Fasting and Prayer for Awakening

Fasting is the spiritual discipline of reality, the interior posture of recognizing how radically we depend on God—choosing the hungers of reliance and desperation even when circumstances may be okay. The truth is, we are always in desperate need of God, though conditions or surroundings may buffer and conceal it. Fasting pierces that veil.

Fasting is the strong assertion that our bodies are not our masters, that our god is not our stomach. Few practices cut more deeply against the grain of our indulgent, gluttonous culture than this. Yet fasting was clearly a custom of Jesus, and one he expected of his disciples. It is more frequently mentioned in the Bible than baptism.

There are fasts in Scripture for guidance, for discernment of God’s will (Judges 20); fasts associated with grieving (I Samuel 31:13); fasts to seek deliverance, salvation from enemies (II Chronicles 20:3-4); fasts to express concern for God’s work, dedication to God’s call, and praise of God’s glory.

Ezra was about to lead a group of exiles back to Jerusalem after the Persian captivity, so he proclaimed a fast to pray for a safe passage. The people would be facing many dangers without military protection during the 900 mile journey. Ezra 8:23: “So we fasted and petitioned our God about this, and he answered our prayer.” In his prayer for the rebuilding of Jerusalem’s walls, Nehemiah “fasted and prayed before the God of heaven” (Nehemiah 1:4). Daniel devoted himself to plead with God “in prayer and petition, in fasting” (Daniel 9:3). It wasn’t until after “they had fasted and prayed” in Acts 13:3 that the church in Antioch “placed their hands” on Barnabas and Saul of Tarsus and “sent them off” on the first missionary journey of the Church.

Jesus taught that fasting should be hidden for God to honor it. Jews ordinarily put ashes on their heads and bathed less during times of fasting and mourning. Clean faces and anointed heads were the custom of weddings and celebrations. However, Jesus taught that, while fasting, one should have a clean face and anointed head. The one fasting, known only to God according to the deeper righteousness of His kingdom, could be assured of His reward. Jonathan Edwards considered David Brainerd, the young missionary who would die at age 29 in the Edwards home, as the paragon of secret fasting and its blessings:

Among all the many days [Brainerd] spent in secret fasting and prayer that he gives an account of in his diary, there is scarce an instance of one but what was either attended or soon followed with apparent success and remarkable blessing in special incomes and consolations of God’s Spirit; and very often before the day was ended.

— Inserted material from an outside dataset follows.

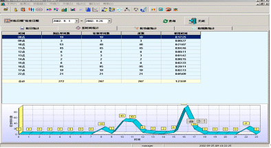 | 按時間統(tǒng)計 | 按照時間對來電以及計費點進行統(tǒng)計,并寫從下端的立體折線圖中看到所選的日期內各個時間段的呼叫分布數。 |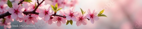 Pink cherry blossom branches with delicate white flowers and green leaves, flora, tree, nature

Clement of Alexandria, in the second century, records that early believers fasted on Wednesdays and Friday. Fasting has been a part of the celebration of Lent since 340 A.D., when Athanasius suggested that it be used to commemorate Jesus’ experience in the wilderness. Christians throughout history have fasted in preparation for the Lord’s Supper. John Wesley refused to ordain Methodist leaders who did not observe a weekly time of fasting.

Charles Finney found it personally profitable “to hold frequent days of private fasting” for kindling “a revival in our soul” as remedy to a flagging spirit of prayer and for gaining “greater prevalence with God.” This was to “know ourselves as starving souls,” a state of prayerfulness, acknowledging how crucial it was that the soul’s “hungering after the bread and its thirsting for the water of life should be duly enkindled, and that the spirit should pant and struggle after God, and ‘cry out for the living God.’”

Don Whitney has written: “The Bible does not teach that fasting is a kind of spiritual hunger strike that compels God to do our bidding. If we ask for something [in prayer that is] outside of God’s will, fasting does not cause Him to reconsider. Fasting does not change God’s hearing so much as it changes our praying.”

Fasting strengthens prayer, it intensifies and fortifies prayer, sharpening and giving focus and passion to our intercessions. Fasting causes us to yearn for what we pray for and understand fully who truly is the Author of every answer to prayer. And fasting, like kneeling, is a physical gesture which cultivates the spiritual posture God loves and looks for in all those He blesses.

When we need stronger prayer in a matter, it is an invitation from the Lord to fast. If we need guidance, it is an encouragement to fast. God gives us the gifts of prayer and fasting in order to be close to Him.